日経ビジネスの2007年4月30日号に「水俣発 地球再生」という特集記事が載っています。ここではあまり自然再生の経緯には触れられていませんが、水俣病の原因と発生メカニズムが解明されてから、水俣湾は長い時間を掛けて再生されました。具体的には湾に汚染された魚を閉じ込め、長い時間を掛けて汚染を除去して自然の状態を取り戻しています。まだ100%とはいえないのかもしれませんが、水俣病が発生した後の情況から比較すると、殆どと言っていいほど自然に戻っているそうです。

一方で、企業城下町であった水俣市では、未だに過去の因縁ともいえるしこりは残っているようです。私も大学のときに、法学部で不法行為や環境論を学んでいましたので、このあたりのお話は沢山聞きましたが、環境よりも人や社会に残るしこりを解決してもとの状態に戻すことは、自然再生よりも大変であるということを、記事を読んで再認識しました。

しかし、その一方で行政、患者、住民の間には、ある程度の共同歩調が組み上げられており、自然を守ること、環境に配慮に対して社会としての試みが根付いているようです。
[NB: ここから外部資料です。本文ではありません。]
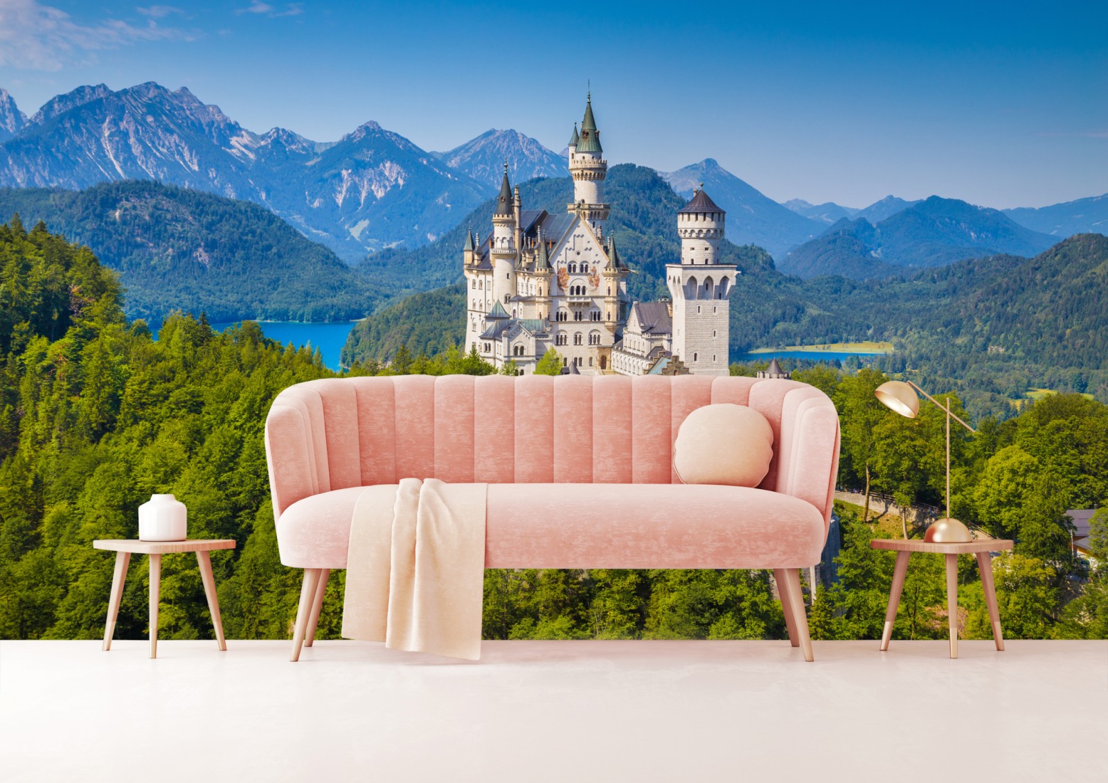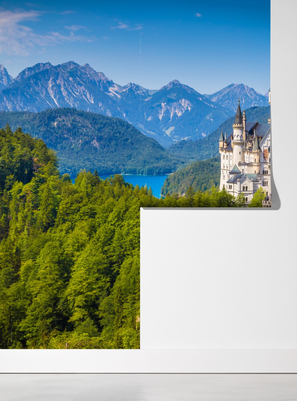 Wprowadź baśniowy klimat do wnętrza dzięki ikonicznemu zamkowi otoczonemu górami, lasami i czystym jeziorem.
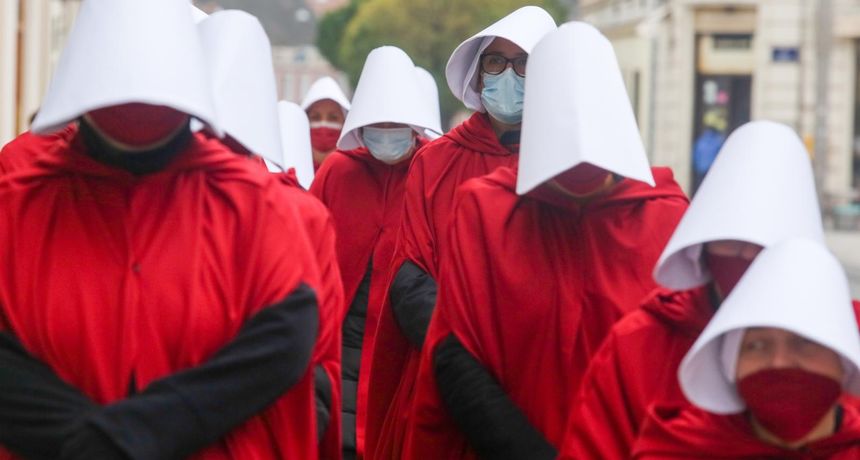 Žene u crvenim haljama prošetale središtem Osijeka i istaknule poruku ispred suda

その意味でも、極限とも言える環境破壊を経験した地域社会が、如何にして地域コミュニティを再生していけるのか、一つのモデルケースともいえると思います。

現在の情況が不完全であることは否めません。これから、また長い時間を掛けて社会に残るしこりを解決していき、水俣病以前、またはそれ以上に健全な地域社会に向けて一歩一歩歩んでいって欲しいと思います。